Reading the dictionary and other lies - MaxBruges.com

📖 Reading the dictionary and other lies

8 December 2024

How to train great readers in a world of cheap words.

Don’t tell them, but I’ve been lying to my Year 11s.

What started as a joke is now well on its way to becoming an essential part of our daily routine. Every morning they push me further into it, and every day I desperately try to bluff my way out of it. In fact, it’s getting to the point where I’m starting to believe it myself.

The lie? That I’ve read and memorised every word in the dictionary.

Dr Johnson, reading his dictionary “How do you spell brainrot?”

Year 11s being Year 11s, they have now made it their unshakeable mission to prove me a liar. Each lesson now begins with a mad scramble for the class dictionaries, with each of them feverishly flicking through to try to find the most obscure word they can to trip up their duplicitous English teacher.

But so far, I’m getting away with it.

Words, words, everywhere🔗

The shocking truth is I have read all the words in the dictionary, just not on those densely-typed, tissue-thin pages. Like any good reader, I’ve picked them up everywhere else.

This is the great miracle of reading: it is a self-reinforcing loop. The more one reads, the better one gets, and the more one can read, ad infinitum, until you find yourself confidently conning 15-year-olds that you definitely know what antidisestablishmentarianism means.

As teachers, we’re pretty good at teaching our students to focus on a text, to read and re-read for additional meaning, inference and connotations. Whether it’s source-work in History, poetic analysis in English, or translation tasks in MFL, students are well-drilled in drilling down.

aside Millsandboontron hard at work

But in a prolix world, are we doing them a disservice? We’re well and truly into a post-scarcity economy when it comes to writing. When AI can churn out treatises and stories in minutes, the real skill comes from a reader’s ability to quickly and efficiently parse a text for purpose and veracity. The nature of a curriculum means we rarely place our students in a position where they need to make these snap judgments from skimmed content: every word we place in front of them has been pre-filtered by us (or our exam boards) for maximum curriculum effectiveness.

Really, we need our students to build the habit of reading as much as possible, as broadly as possible. They don’t just need to be confident in understanding, but in seeking out and ploughing through texts.

So what should we do to turbo-charge this process?

1) Skate, don’t slog🔗

Reading more, quickly, is sometimes better than reading less, slowly. There’s a time and a place for careful, close analysis of texts. But it’s easy to get bogged down in detail and miss the benefits that accrue for reading briskly and widely. The evidence is clear that readers get better the more reading they’re exposed to, even with tricky texts:

“Simply reading challenging, complex novels aloud and at a fast pace in each lesson repositioned ‘poorer readers’ as ‘good’ readers, giving them a more engaged uninterrupted reading experience over a sustained period.”

UKLA 2018

Let students skate along the surface. With practice, they’ll learn what they can and should skip over for the sake of fluency.

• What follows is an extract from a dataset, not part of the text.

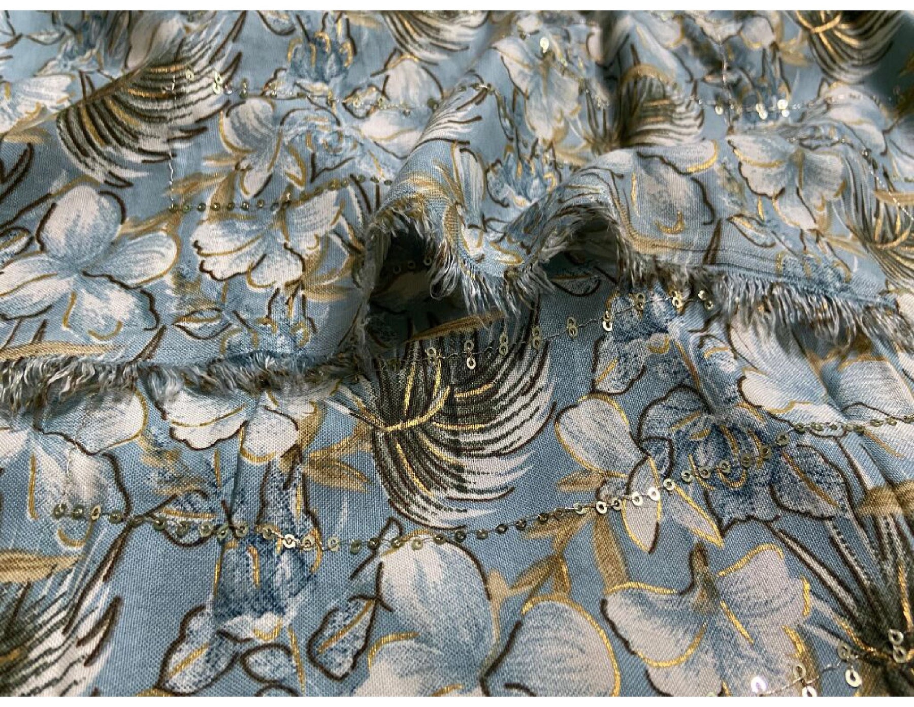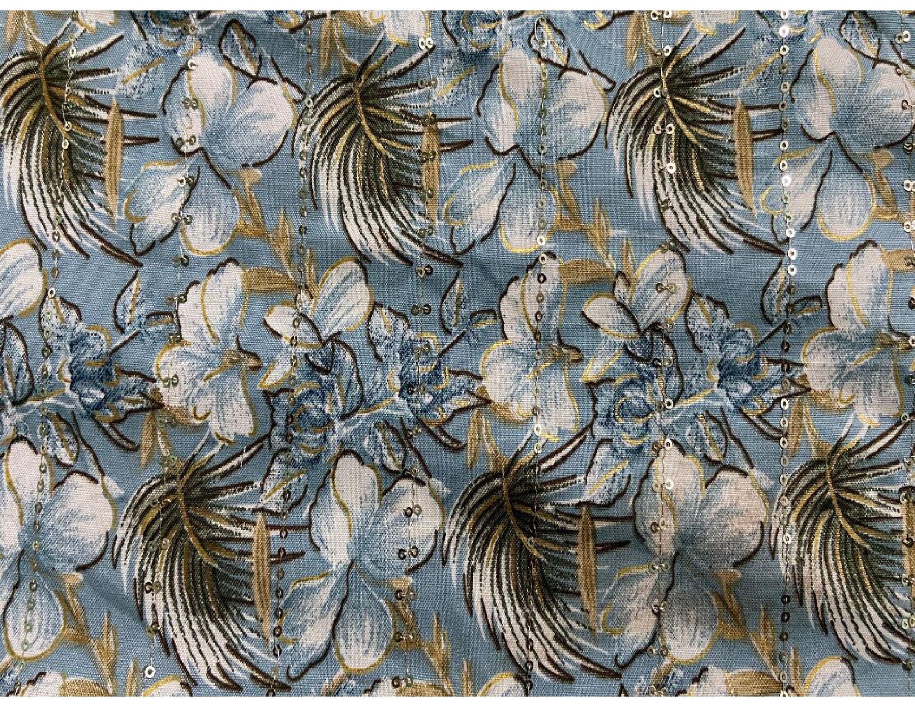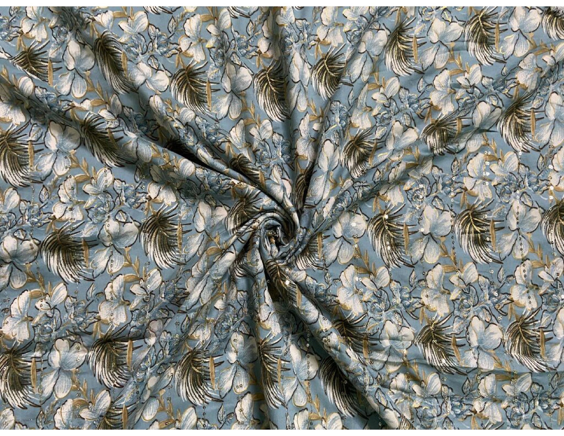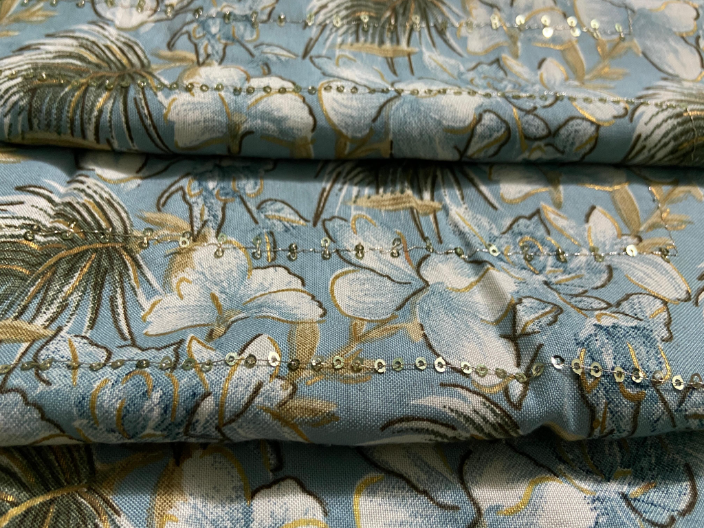 Elegant dusty sky blue cotton fabric featuring soft floral digital prints enhanced with delicate embroidery and subtle vertical sequin detailing. Breathable, lightweight, and perfect for festive and designer wear.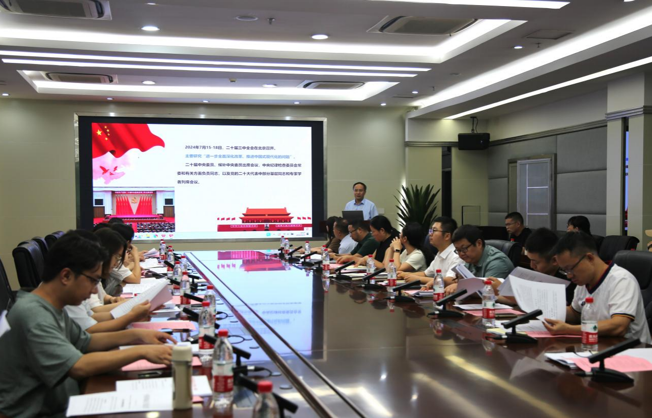 蒋远胜从“会议基本情况”“做到‘五个深刻把握’”“以深化经济体制改革为牵引”“加强党的领导,强化企业改革实效”四个方面对党的二十届三中全会进行了深入解读。强调《中共中央关于进一步全面深化改革、推进中国式现代化的决定》对进一步全面深化改革、推进中国式现代化作出系列部署,既是党的十八届三中全会以来全面深化改革的实践续篇,也是新征程推进中国式现代化的时代新篇,是党的历史上又一重要纲领性文献。

Just be ready to dive in to rescue them if they slip through the thin ice into confusion.

2) Location, Location, Location🔗

Give students trusted sources they can draw from for their texts, and signpost them well. Libraries are the natural source for this in the physical realm, but it’s the digital that is the first port of call for most of our students. Train students early on about the sites they can trust - not just for their content but also the quality of their writing.

One of the best things I ever did as a trainee was start saving down digital versions of classic texts in a Google Drive. Now it functions as a one-stop-shop for my students (or, more often, their parents) looking for something to load up on the Kindle or tablet. Feel free to use it yourself - no library card required.

3) If it reads, it leads🔗

Expose students to as many types of text as you can find. The primacy of The Book in schools - particularly the novel - is easy to understand. It’s a discrete object, adaptable to a teaching unit, requiring little to no secondary sources to access and often following structures even the least confident of readers can innately understand. But it’s only one of a myriad of different text types that students will encounter in their lives (and one that many adults happily ignore).

aside Wherever you can, experiment with different text types. Articles, ad campaigns, tweets: if it’s got words, give it a go. Our introduction to Macbeth has everything from cartoons, to private letters, to Guy Fawkes’s tortured signature, all before they read a word of Shakespeare’s folio.

This medium-agnostic approach not only builds students’ confidence and fluency, but also breaks down the notion that Reading-with-a-capital-R is something confined to the English classroom, between the A5 covers of a Book.

If students can learn that ‘to read’ is as much a passive skill as an active one, they’ll be well equipped to face the word-flood of the modern world.

And - much more importantly - they might even learn the word that catches me out.

Until then, the dictionary duel continues.